Глаза у него были фиалковые.
Действительно — не серые, не синие, не голубые, но светло-фиолетовые, лилово-голубые — действительно фиалковые!
А волосы — видимо, светлые, как и у Ланы, но выкрашены, вернее — оттенены, какой-то совершенно невозможной серебристо-перламутровой краской! И завиты легкими локонами…
Это само по себе было чудно — я не видела, чтобы девушки-то так красили волосы! А парень…
Одет он был в костюм из фосфорицирующей белой ткани.
Курточка — несколько коротковата, между краем куртки и поясом штанов виднелась полоска тела… Костюм украшен мелкими светящимися «жемчужинками» и бахромой.
На ногах — белые ковбойские сапоги с бахромой.
На пальцах — множество тонких серебряных перстеньков.
В правом ухе — серьга с крупной настоящей жемчужиной…
…Я не знаю, как модно одеваться у современной молодежи — у всяких там рэйверов или как они называются! — может, в ночные клубы так и принято ходить… Но я ТАКОГО никогда не видела! Во всяком случае, по улицам ТАКИЕ не ходят.
Представляю, какими глазами смотрели на него соседки и вахтерша… А в метро?!
— Не беспокойтесь, — улыбнулся он, словно прочитав мои мысли. — Я приехал на машине.

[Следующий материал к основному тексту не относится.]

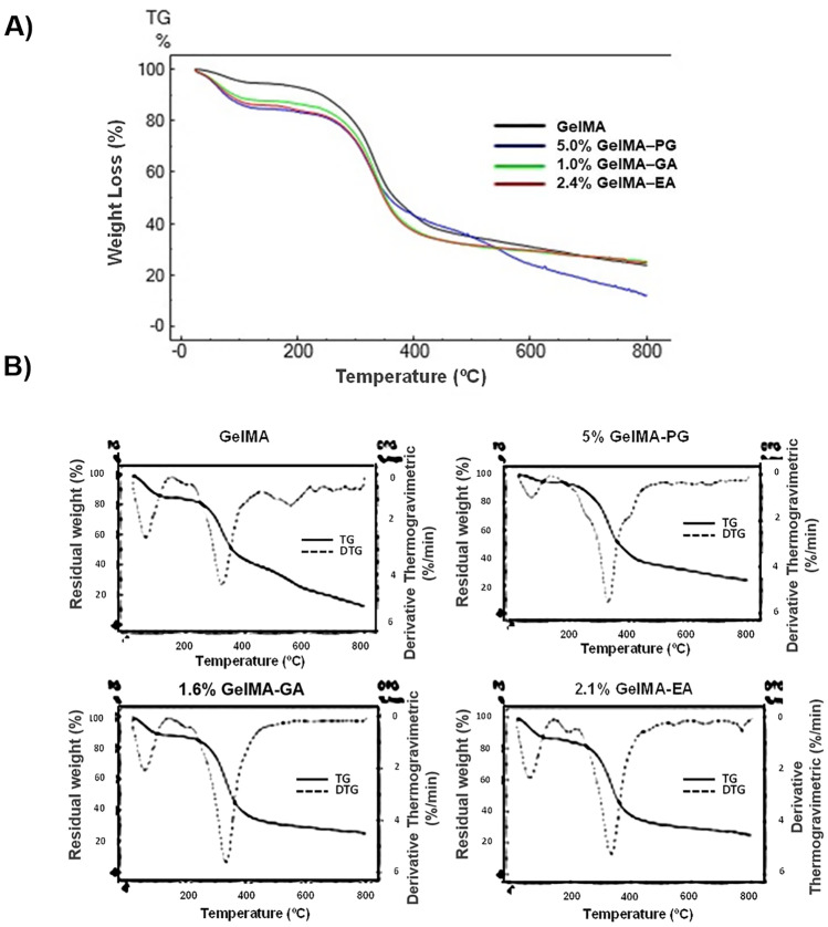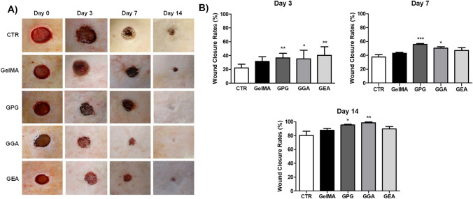 Gelatin-based photopolymerizable methacrylate hydrogel (GelMA) is a promising biomaterial for in situ drug delivery, while aqueous extract of Punica granatum (AEPG) peel fruit rich in gallic acid and ellagic acid is used to improve wound healing. The aim of this study was to develop and analyze the healing properties of GelMA containing AEPG, gallic acid, or ellagic acid in a rodent model. GelMA hydrogels containing 5% AEPG (GelMA-PG), 1.6% gallic acid (GelMA-GA), or 2.1% ellagic acid (GelMA-EA) were produced and their mechanical properties, enzymatic degradation, and thermogravimetric profile determined. Wound closure rates, healing histological grading, and immunohistochemical counts of myofibroblasts were assessed over time. The swelling of hydrogels varied between 50 and 90%, and GelMA exhibited a higher swelling than the other groups. The GPG samples showed higher compression and Young's moduli than GelMA, GGA, and GAE. All samples degraded around 95% in 48 h. GPG and GGA significantly accelerated wound closure, improved collagenization, increased histological grading, and hastened myofibroblast differentiation in comparison to the control, GelMA, and GEA. GelMA containing AEPG (GPG) improved wound healing, and although gallic acid is the major responsible for such biological activity, a potential synergic effect played by other polyphenols present in the extract is evident.

У него были подкрашены глаза!
У него на губах был нанесен перламутровый блеск!
У него на ресницах была тушь — коричневая, объемная, нанесенная специальной щеточкой для завивки ресниц — уж я-то, женщина, хорошо знакома со всеми этими ухищрениями!
Боже…
Родственник моего мужа…
Я поспешила захлопнуть дверь за его спиной. Чтобы никто не дай бог не увидел, что он — к нам…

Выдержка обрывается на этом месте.